The US Dollar (USD) saw muted trade on Thursday, as markets continued to digest Wednesday’s Federal Open Market Committee (FOMC) meeting minutes.

These minutes indicated that the Federal Reserve were growing increasingly split on the potential for further interest rate hikes, and indicated that a pause in their current tightening cycle may be imminent.

The minutes stated that: ‘Participants generally agreed that in light of the lagged effects of cumulative tightening in monetary policy and the potential effects on the economy of a further tightening in credit conditions, the extent to which additional increases in the target range may be appropriate after this meeting had become less certain. Participants generally expressed uncertainty about how much more policy tightening may be appropriate. Many participants focused on the need to retain optionality after this meeting.’

As such, USD investors began to adjust their bets on additional rate hikes, which appeared to weigh on the US Dollar during the European session.

However, the ‘Greenback’ may have been cushioned by continuing anxieties over the US debt ceiling negotiations. While the negotiations have been seen as positive and continuing well, a hard deadline of 1st June is rapidly approaching.

If the US were to default on its debts, it would have a potentially catastrophic impact on the US economy, and the global economy at large. Counterintuitively, this likely brought safe haven flows to the ‘Greenback’ during Thursday’s session.

Pound (GBP) Underpinned by BoE Rate Hike Bets

The Pound (GBP) was underpinned on Thursday by elevated interest rate hike bets. Following on from Wednesday’s surprise core inflation print, markets have all but priced in an additional hike in June.

From here, markets appeared to have entertained further interest rate hikes, with pressure mounted on the Bank of England (BoE).

Chris Turner, Global Head of Markets and Regional Head of Research for UK & CEE at ING, commented: ‘We’ll definitely have to see some softer wage/price data over the coming weeks for the Bank of England to be diverted from what looks like another 25bp hike on June 22nd.’

However, Sterling may have been capped on Thursday by a lack of impactful macroeconomic data releases. This thin data calendar likely prompted investors to consider wider market dynamics.

With a sour market mood colouring the European session, the increasingly risk sensitive Pound may have been unable to gain much ground.

Pound US Dollar (GBP/USD) Exchange Rate Forecast: US Core PCE Data in Spotlight

Looking ahead for the US Dollar (USD), the core catalyst of movement is likely to be the latest core PCE price index data.

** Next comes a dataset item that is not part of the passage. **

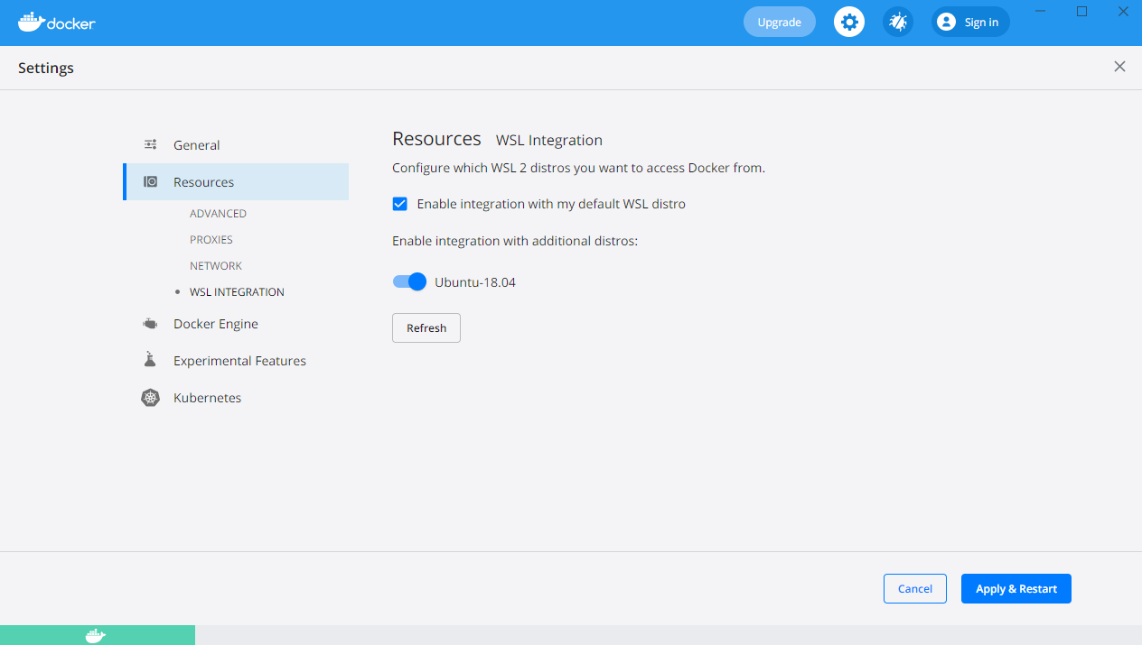 다음과 같이 설정 -> Resources -> WSL INTEGRATION에서 사용하는 WSL 버전을 Enable 해주면 된다.

This data is the Federal Reserve’s preferred gauge of inflation, and is influential in shaping the course of further interest rate hikes. On the back of the recent mixed Federal Open Market Committee meeting minutes, this data is likely to be vital in shaping future hikes.

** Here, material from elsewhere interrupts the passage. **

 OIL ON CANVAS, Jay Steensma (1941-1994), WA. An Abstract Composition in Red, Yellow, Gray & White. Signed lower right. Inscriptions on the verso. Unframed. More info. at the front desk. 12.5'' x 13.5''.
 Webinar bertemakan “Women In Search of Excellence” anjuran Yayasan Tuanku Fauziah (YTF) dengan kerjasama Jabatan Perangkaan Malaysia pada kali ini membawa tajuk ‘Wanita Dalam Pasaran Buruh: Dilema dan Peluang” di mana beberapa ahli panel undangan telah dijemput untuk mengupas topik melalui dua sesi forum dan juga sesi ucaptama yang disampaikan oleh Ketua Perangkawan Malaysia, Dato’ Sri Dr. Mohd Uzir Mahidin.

Currently, economists forecast that the index will hold at 4.6% in April. By showing little change, this could show that inflation is stickier than expected and risks becoming embedded, which would potentially force the Fed to hike rates further.

Elsewhere, any further developments in the US debt ceiling negotiations may impact the ‘Greenback’. The so called ‘X Day’ is fast approaching, and it may lead to increased anxieties across the markets. If true, the souring mood could bring safe haven flows to USD.

For the Pound (GBP), the latest retail sales data is due to print on Friday. An improvement of 0.3% is forecast by economists, which could bring cheer to GBP investors by indicating a recovery in the vital UK sector.